Let’s say we want a model that generates pictures of cats. One possibility would be to use reinforcement learning. For example, we could have a human give our model a positive reward or negative reward: positive for good cat generations, negative for bad cat generations. However, getting those human labels would reduce training to a snail’s pace.
Alternatively, what if we train another model to determine whether our network is generating cat-like photos? Now, rather than just a cat-generator network, we introduce a real cat/generated cat classifier, called a discriminator network, and task this model with sorting out generated cats from real ones. This other model can then provide the training signal for the generator.
That’s the big idea behind Generative Adversarial Networks (GANs).
More formally, we train a generator network to generate images (by constantly fine-tuning its parameters) that will be classified as ‘real’ by a discriminator network. At the same time, we train our discriminator to take the latest generations from our generator, along with real images, and to classify them as real or fake.

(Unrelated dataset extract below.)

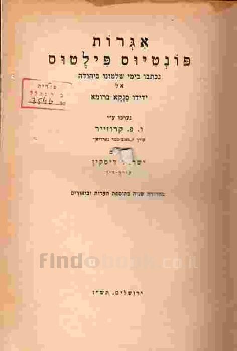 אגרות פונטיוס פילטוס : נכתבו בימי שלטונו ביהודה אל ידידו סנקא ברומא / נערכו ע"י ו.פ. קרוזיירקרוזיר, וילים פרסיול, 1879-1944

Here’s how it all fits together, in the case of “cat generation”:
- The generator network takes in a random noise vector, and transforms it into a candidate cat image.

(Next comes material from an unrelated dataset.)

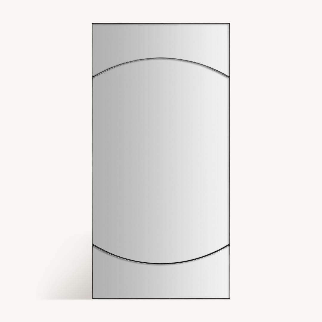 Зеркало Тота в современном стиле, изготовлено из черного железа, совмещено с зеркалом. Ширина: 80 см, Глубина: 4 см, Высота: 160 см

- The discriminator network is fed both generated images and real images.
- The discriminator is trained to differentiate generated cats from real cats.
- The generator tries to maximize how much it fools the discriminator.
And voila! GANs.
Excitingly, GANs can work very well, with no hand-engineered features. However, it’s important to note that training can be finicky, and selecting the right hyper-parameters is difficult. Sometimes your discriminator will get too good (and the generator won’t learn), and sometimes your generator will learn to only generate a single cat (mode collapse).

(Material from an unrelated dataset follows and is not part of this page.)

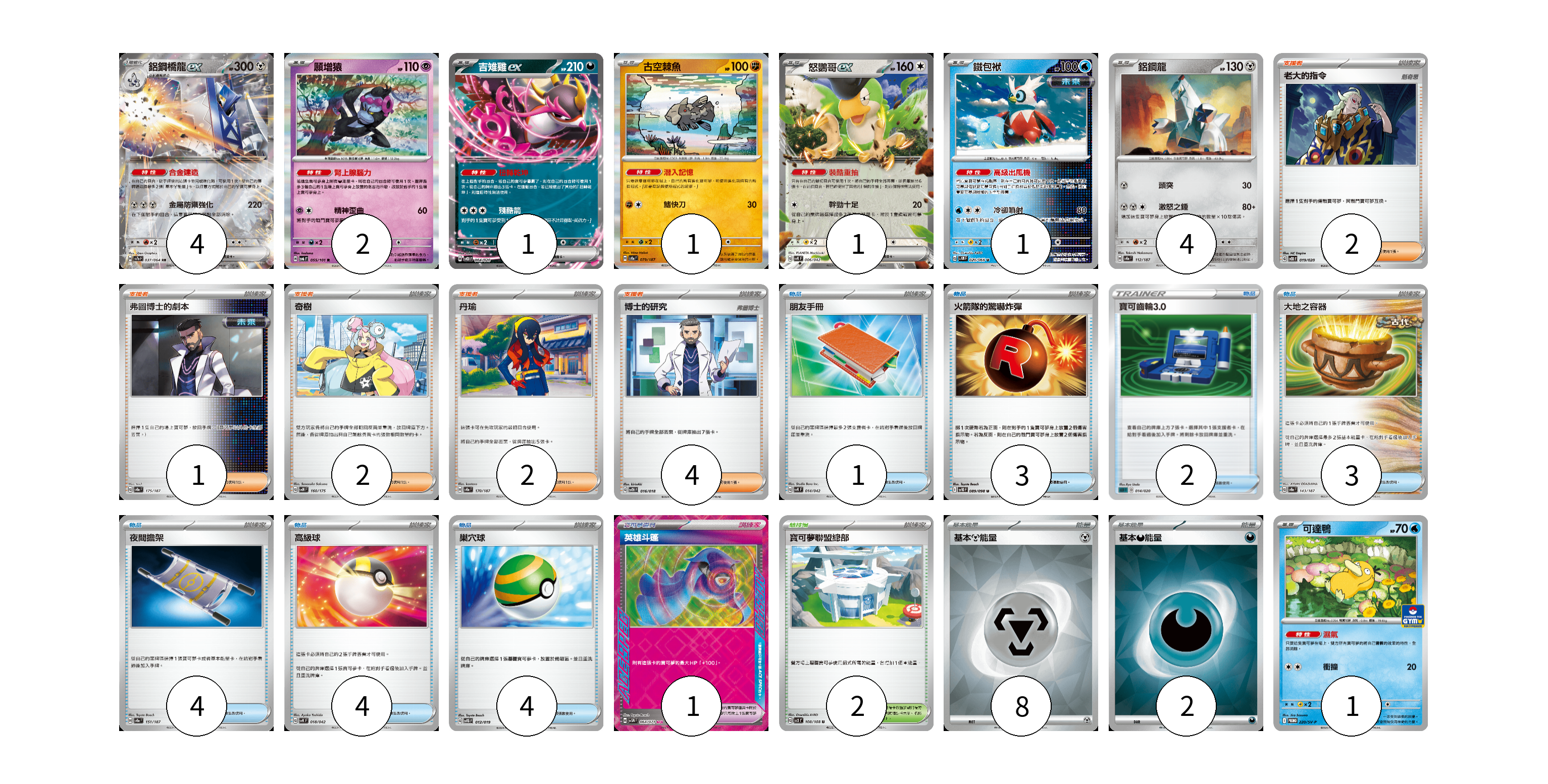 牌組構築方案 以此牌組為基礎新構築牌組 顯示卡面 顯示列表 寶可夢卡(15) 4 2 1 1 1 1 4 1 寶可夢道具(1) 1 物品卡(21) 1 3 2 3 4 4 4 支援者卡(11) 2 1 2 2 4 競技場卡(2) 2 能量卡(10) 8 2 寶可夢卡(15) 卡牌名稱 張數 卡牌名稱 張數 鋁鋼橋龍ex SV7a 037/064 04 願增猿 SV6 055/101 02 吉雉雞ex SVOD 004/020 01 古空棘魚 SV8a 079/187 01 怒鸚哥ex SVK 006/042 01 鐵包袱 SV4M 020/066 01 鋁鋼龍 SV8a 112/187 04 可達鴨 SV-P 220/SV-P 01 寶可夢道具(1) 卡牌名稱 張數 卡牌名稱 張數 英雄斗篷 SV5M 064/071 01 物品卡(21) 卡牌名稱 張數 卡牌名稱 張數 朋友手冊 SVK 014/042 01 火箭隊的驚嚇炸彈 SV10 089/098 03 寶可齒輪3.0 SLD 014/020 02 大地之容器 SV8a 143/187 03 夜間擔架 SV8a 151/187 04 高級球 SVK 018/042 04 巢穴球 SVTG 012/019 04 支援者卡(11) 卡牌名稱 張數 卡牌名稱 張數 老大的指令 SVOD 019/020 02 弗圖博士的劇本 SV8a 175/187 01 奇樹 SVM 160/175 02 丹瑜 SV8a 170/187 02 博士的研究 SVTH 016/018 04 競技場卡(2) 卡牌名稱 張數 卡牌名稱 張數 寶可夢聯盟總部 SV3 108/108 02 能量卡(10) 卡牌名稱 張數 卡牌名稱 張數 基本【鋼】能量 SVOD MET 08 基本【惡】能量 SVOM DAR 02 以此牌組為基礎新構築牌組 牌組編碼 IvAiIa-XwgHrS-ZbhwAJ copy 列印牌組單 牌組編碼已複製 分享至SNS

However, GAN-approaches have proved wildly successful, from image editing to face generation and style transfer. GANs have also been used to generate additional samples to augment existing datasets, including in medical domains.
Yet, GANs also introduce several ethical challenges. First, they have more sinister applications. Researchers have used GANs to generate seemingly genuine footage and audio of politicians, stoking fears that GANs offer dangerous tools for production of fake news content: so called Deep Fakes.
There are other, less explicit dangers to GANs. Because generators are training to replicate existing data, they can reproduce, or exacerbate biases in those data sets. For example, researchers found that Snapchat’s GAN-based filters, trained on imbalanced data, regularly whiten the skin of users.
In sum, GANs are representative of both the power and perils of neural networks. As deep learning practitioners, we should not only appreciate the utility of our models, but also be wary of the implications of our work.
In this article, we have discussed how neural networks are applied to hard classification and prediction problems, tasks involving sequential data, unsupervised anomaly detection, reinforcement learning, and GANs.
These applications represent just a sampling of the ever-developing, vibrant field of deep learning.